Our camp in Silent Valley at a nice day
Lion Tailed Macaque Monkey
In Southern parts of India we have western ghats which are considered to be a semi evergreen forest. But our area called silent Valley' in Palghat district of Kerala State is the only one patch of true evergreen forest in South India.
After a camp at Cheriavalakkad (small forest), trekking is continued towards a place called Periavalakkad (higher forester) and the distance is about 20 km. This area is much thicker in vegetation. Plenty of small streams and big waterfalls are observed. The most important observation is the presence of a rare fern called Osmunda on either side of every forming a green belt. It is a rare scene that is not seen in other forests. These ferns grow to a height of 4 – 6 feet with branched spikes at the tips. The other rare fern Botrychium, not commonly found in other areas. It is a handsome fern growing to a height of about 4- 5 feet. At the ground level another rare plant species called Lycopodium grows luxuriantly. The grassland vegetation was observed at the hill tops and these are infested with varieties of snakes. Including king cobras. It was important to carry anti-venom injections. At every halt for breakfast and lunch, one has stopped on the rock surfaces along the streams.

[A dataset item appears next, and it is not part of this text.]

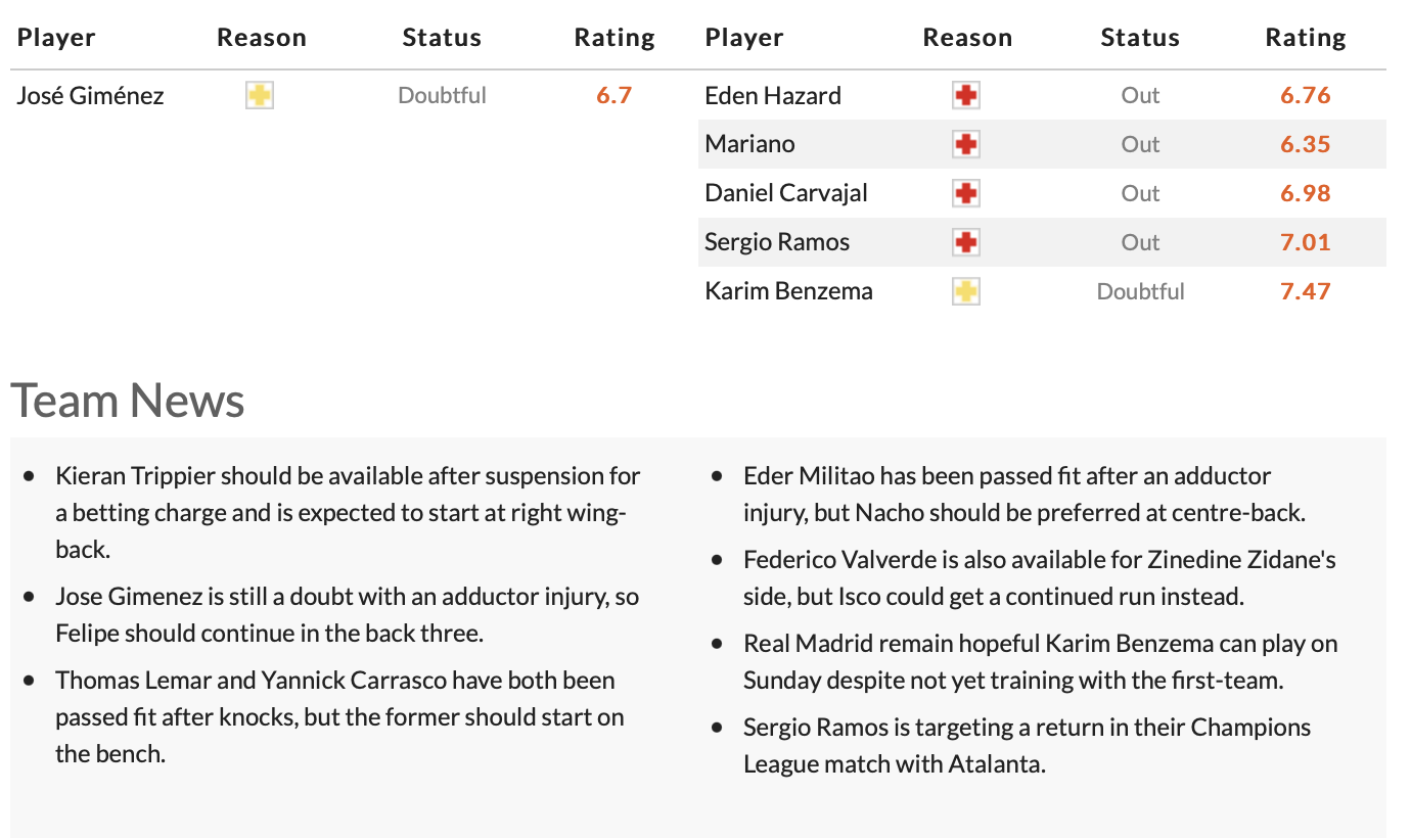 아틀레티코는 호세 히메네스가 부상으로 결장하고 그외 별다른 부상 이슈가 없어 좋은 전력을 유지하고 있습니다. 반면 레알은 아자르, 카르바할, 라모스가 부상으로 결장하지 못하는 상황이 이어지고 있습니다.

The next camp in Silent Valley could be Sispara Pass situated at an altitude of 7500 feet. Very cold breeze and very cold water in the streams are common features here. The distance is around 25 km. This is where the silent Valley National Park' was inaugurated by Shri Rajiv Gandhi, the then Prime Minister. During the course of trekking towards Sispara Pass as in the previous areas, we could observe the canopies of trees formed over streams. Deep in the canopies along streams, there is darkness and it is lodging place of various kinds of animals. The most important observation was the presence of Lion Tailed Monkey restricted only to this Silent Valley and nowhere else in the world. Such species are called Endemic Species. Plenty of original gene pools of cereals are grown here. These grasses grow to a height of about 10 -12 feet in height. These are the ancestors of today's cereals like Maize, Wheat, Paddy, Jowar, Ragi etc. At higher altitudes famous Rhododendron trees with beautiful red flowers are common.
It is very interesting to note that herds of bison walk along the streams at 4- 5am and they drink such cold water. They just keep on moving in a herd early in the morning.

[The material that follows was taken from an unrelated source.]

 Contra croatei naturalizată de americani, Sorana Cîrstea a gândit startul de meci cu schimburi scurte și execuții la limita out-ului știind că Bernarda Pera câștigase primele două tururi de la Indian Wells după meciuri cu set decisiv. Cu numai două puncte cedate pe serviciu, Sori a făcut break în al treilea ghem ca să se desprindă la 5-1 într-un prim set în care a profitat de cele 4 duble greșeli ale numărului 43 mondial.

After Sispara Pass, we could trek towards the upper Bhavani water reservoir in Tamil Nadu. The distance is about 20 km. Then we came to the peripheral region of Silent Valley. This was a fascinating experience.
Tour of Attappady Hill Sation in Kerala
Silent Valley is in Palghat District and the state of Kerala, at Southern India
The beautiful Silent Valley is in Palghat District and the state of Kerala, at Southern India. This is well preserved by declaring it as a National Park, although attempts by Kerala State were made to build a hydro – electric project across the River county' (Kunti Pulam) flowing in the heart of the silent valley. If it were to be allowed, about 350 to 400 sq.km. Of forest cover would have been under water. Once such as a forest is lost, it is a permanent loss because the nature has taken 50 millions of years to build such a forest.
We arranged a trekking program into the Silent Valley. The distance of about 135 km, was trekking over a period of 5 days and four nights. Silent Valley is located in the Mannarkkad Taluk of Palghat district in Kerala State. The gateway of Silent Valley is a place called Mukhali.
About 24 km from Mukhali, the proposed dam site is located. A small hanging bridge and one or two labourer's sheds are visible. It is here one can stay overnight. Next day, 22 km of trekking was done to reach a place called Cheriavalakkad (small forest). All through this is a very deadly forest. Thicker vegetation of trees of different heights (about 40 Feet To 120 Feet) especially in the Valleys in the Valleys was observed. Such thick forest between the hills and mountain are called `Sholas'. It is here many wild animals take shelter. All along the path one could observe many streams and the path was richly infested with Leeches. The trekking team actually walked to the bed of leeches.
Every individual had leech bites ranging from 45 to 112. these leeches suck the blood and the blood does not get clotted as the animal produces an anti clotting factor called Hirudin. Various kinds of ferns, Lycopodium was observed. Every tree and the branches were armoured with exotic plants called Orchids. There are epiphytes as they grow on other plants.
The growth of the trees is so crowded that sunlight does not penetrate to reach the ground level. This is how light is prevented from reaching the ground. This creates a lot of humidity and temperature. As a result microbial activity in the soil is very great to make the soil fertile. No single species of tree are dominant, but all the species are co-dominant die they grow equally well. This does not happen in other types of forests.